Tahun 1995 saya berkesempatan ziarah ke Tanah Suci Yerusalem. Pertama kali saya mendaki ke gunung Sinai. Kalau melihat anak tangga yang harus didaki dan batu karang serta panasnya cuaca kala itu bisa bikin nyali ciut. Namun karena saya bertekad mengikuti ziarah penuh seraya merasakan seperti apa sih Musa saat itu harus mendaki puncak gunung Sinai, saya memanjat setapak demi setapak dengan nafas ngos-ngos-an. Namun agar tidak sengal, saya mencoba nafas dengan teratur, yakni saat kaki kanan naik tarik nafas saya batin kata “Ye” dan ketika kaki kiri menyusul saya lepas nafas saya batinkan kata “Sus”.

Dengan cara itu rupanya membantu saya yang bernafas pendek ini bisa sampai ke puncak Sinai. Namun saya tidak mau cerita lebih jauh tentang pengalaman saya di gunung Sinai. Saya hanya mau bersehati dengan emosi Musa saat turun dari gunung Sinai dan mau menyampaikan pesan Yahwe kepada Umat Israel yang dipimpinnya saat itu yang ternyata malah sedang hiruk pikuk berasyik masyuk bikin lembu emas tuangan.

Saking emosinya hingga Musa yang capek dari turun gunung Sinai sehingga ia membanting kedua loh batu yang mestinya mau ia jelaskan pada Israel. Beruntung dengan penjelasan Imam Harun yang tak kuasa menghadapi sungut-sungut Umat Israel saat itu, emosi Musa mulai mereda. Ia tidak membiarkan dirinya dikuasai oleh emosi amarah, namun Musa sadar bahwa ia harus tetap memperjuangkan keselamatan Umat yang dipercayakan Yahwe kepadanya. Sadar bahwa apa yang dilakukan Israel merupakan dosa besar karena bukan menyembah Yahwe malah membikin lembu tuangan, Musa naik kembali ke puncak Sinai untuk memohonkan ampun atas dosa besar yang telah dilakukan Umat Israel.

Apa yang menjadi pengalaman Musa mutatis mutandis bisa juga menjadi pengalaman kita. Kita memperjuangkan kebaikan anggota atau kawan, atau keluarga, atau kelompok, dan dalam rangka itu kita kadang harus berani menembus tantangan, dan setelah kita berhasil menemukan titik terang ataupun solusi demi kebaikan anggota kelompok kita, eee ternyata yang dilakukan anggota kelompok yang kita bela dan kita perjuangkan justru melakukan yang bertentangan dengan arah langkah yang akan kita kemukakan sebagai jalan keselamatan atau solusi. Emosi menjadi taruhannya, karena bagaimanapun kita manusia yang bertubuh, berjiwa, dan beroh. Ketika emosi yang mendominasi, amarahlah yang memenuhi pikiran dan kata-kata kita. Kita perlu mediator yang dapat meredakan emosi kita untuk dapat lebih jernih dan sadar akan visi dan misi perjuangan kita.

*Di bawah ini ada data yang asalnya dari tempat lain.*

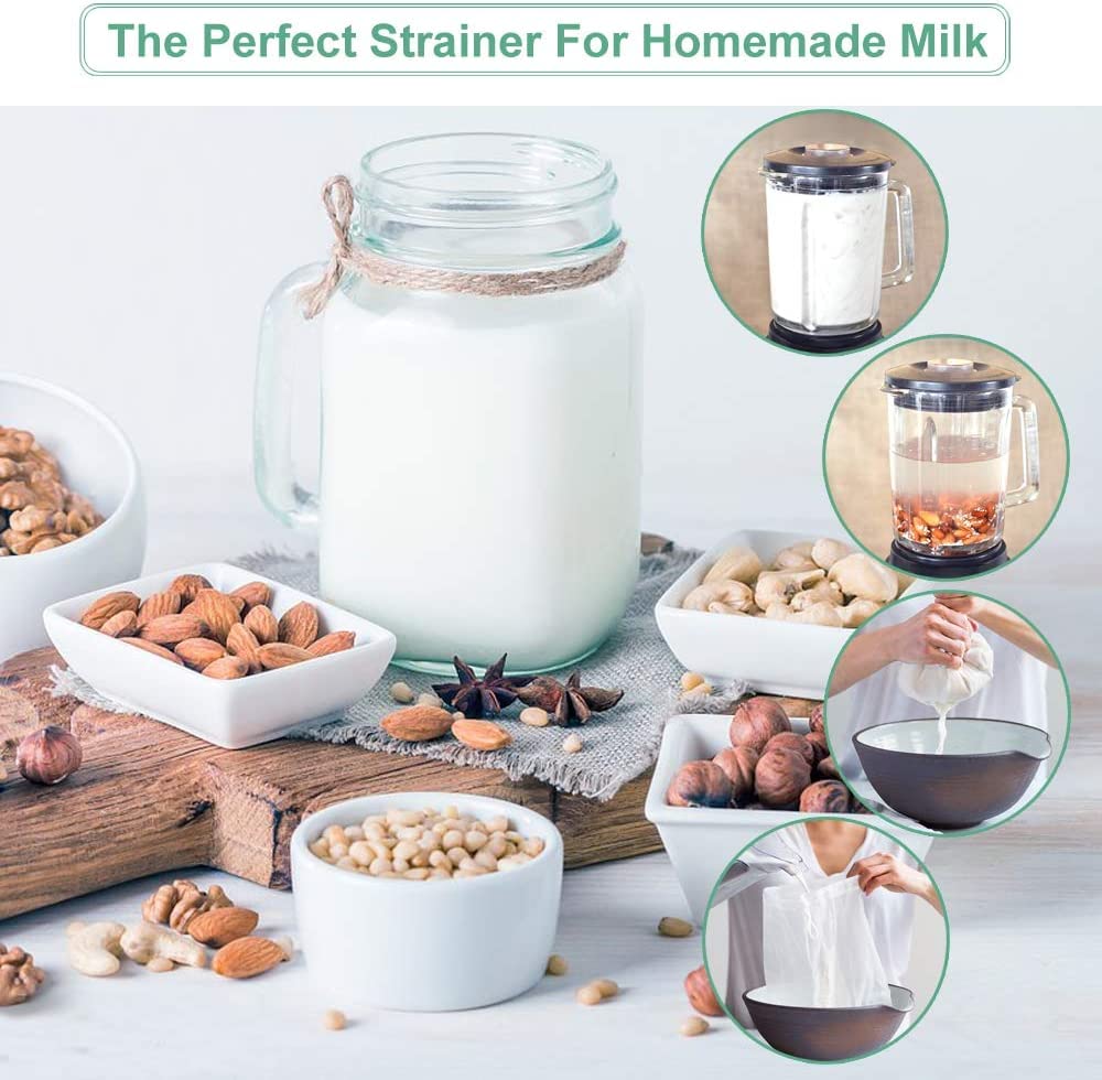 Multiple Uses: This nut milk bag makes a fantastic gift for people who love to live healthy.These nut bags are perfect used for homemade nut/almond/soy bean milk,yogurt,cheese makers,vegetable or fruit juices,cold brew coffee,beer home brewing,tea

Demikianlah Musa kembali naik ke Puncak Sinai untuk mohon ampunan Tuhan atas dosa-dosa Umat yang dipercayakan kepadanya dan kembali mengingatkan Israel untuk taat pada Yahwe dengan menjunjung tinggi 10 perintah Allah tersebut.

Semoga kita pun cepat reda bila emosi agar tidak salah langkah atau disorientasi terhadap visi dan misi perjuangan yang menjadi komitmen kita. Emosi amarah hanya membawa keretakan relasi, namun berempati membuat kita lebih bisa bermurah hati dan rela memberikan ampunan yang mencerahkan demi ditemukannya solusi yang selaras dengan komitmen untuk mencapai visi dan misi semula. Semoga.